Die EU gibt viel Geld für interkulturellen Austausch aus. Schön und gut, meint Kolumnistin Julia Siebert, inzwischen ersetzen Austauschprogramme manchmal sogar das Reisebüro.

Es hat sich die Überzeugung durchgesetzt, dass es bereichernd ist, sich über Grenzen hinwegzubewegen und sich kunterbunt querbeet auszutauschen: interdisziplinär, generationen- und genderübergreifend, interkulturell, überregional, transnational. Das war nicht immer so.

Weil das aber die EU immer schon so sah, wusste und wollte, musste sie auch in diesem Fall ihre mehr oder weniger eingefleischten Europäer zu ihrem Glück zwingen. Und machte in einigen Förderprogrammen den verpflichtenden transnationalen Austausch zur Bedingung. Das fanden viele Projektmitarbeiter zunächst lästig. Hatte man doch viel zu wenig Zeit für den Projekttrallala vor Ort in den heimischen, vertrauten Gefilden, sollte man auch noch sonst wohin reisen, um sich mit sonst wem in einer Fremdsprache radebrechend auszutauschen. Und tatsächlich – das lief in vielen Fällen nicht wie am Schnürchen, sondern die Italiener kamen immer zu spät, die Franzosen machten immer alles auf den letzten Drücker, die Deutschen wollten immer sofort noch vor dem Kennenlernen loslegen, so dass im Ergebnis ein gegenseitiges Unverständnis und eine gemeinsame Unzufriedenheit entstand. Und das ausgerechnet am deutlichsten bei den interkulturellen Trainern. Aber nun gut, die Schuster haben die schlechtesten Schuhe, die interkulturellen Trainer sind auch nur Menschen und immerhin machen sie ihren Unmut explizit.

Aber bei allem Unmut befanden doch viele, dass dieser Austausch letzten Endes und im Rückblick ganz schön und bereichernd gewesen sei. Irgendwie. Der Mehrwert ließ sich nicht so genau nachweisen, was weder für die EU noch für mein Evaluatorinnenherz sehr zufriedenstellend war. Aber auch wir, die EU und ich, lernen dazu, unabhängig voneinander, manchmal auch miteinander, dass nämlich nicht nur alles, was haarklein und punktgenau gemessen werden kann, bereichert; und dass man manchmal den guten Glauben hegen und pflegen muss, dass auch Gutes erbringt, was sich gut anfühlt. Irgendwie.

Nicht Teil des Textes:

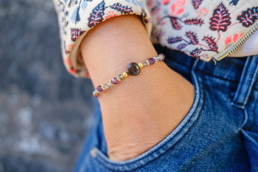 Bracelet amethyste facettée (4mm) et perles en verre facettée (4mm) avec fermoir magnetique
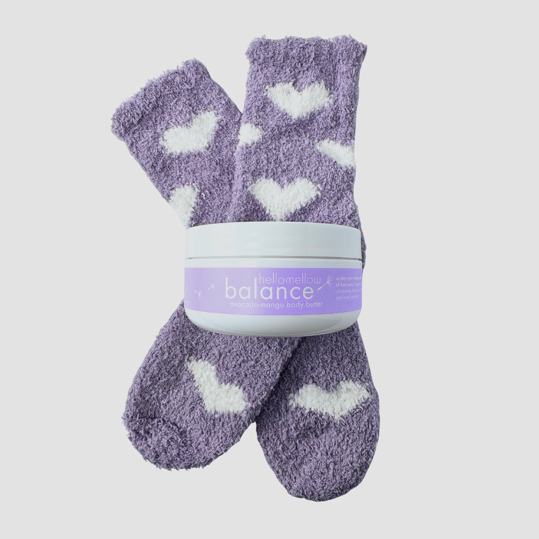 each set includes six full-size, spa-inspired products crafted in your chosen intention: a pink himalayan body scrub, body oil, body butter, energy shifting spray, bath salt, and lip butter β plus a bonus pair of cozy socks for your nightly butter-feet ritual.

Inzwischen sind ein paar Jährchen vergangen. Die Kandidaten, die damals mehr oder weniger willig den EU-Zwängen folgten, planen heutzutage ganz freiwillig ihren transnationalen Austausch. Wie gut also, dass es weiterhin Programme gibt, die das fördern, z.B. IDA (Integration durch Austausch). Allerdings ist zu bemerken, dass dabei die fachliche Komponente etwas auf der Strecke bleibt. Denn erst wird das Land gewählt, in das man so gerne reist, und dann werden darin Partner gesucht, die mehr oder weniger passen. Ob das so im Sinne der EU ist?

Aber am Ende zählt das Ergebnis, wenn man der konsequenzialistischen Moralphilosophie folgt. Wenn ein Reicher gibt, um sich innerlich gut und edel zu fühlen und nach außen hin gut und edel auszusehen, aber Arme davon profitieren, soll es doch wurscht und recht sein. Und wenn jemand statt mit TUI mit EU-Fördermitteln rumreist, um sich Reisewünsche zu erfüllen, aber bei dieser Gelegenheit, wenn er schon mal vor Ort ist, auch noch den transnationalen Austausch pflegt und Jugendliche in den Arbeitsmarkt integriert, wieso also nicht? Ich werde mich gleich mal nach passenden Programmen umschauen. Ich wollte schon immer mal nach Island und wenn es denn sein muss, würde ich auch notfalls eine kleine Fortbildung, einen kurzen Fachaustausch oder eine schnelle Arbeitsmarktintegration in meine Reise einbauen. In jedem Falle könnte ich das auf meinem grenzüberschreitenden Karmakonto verbuchen.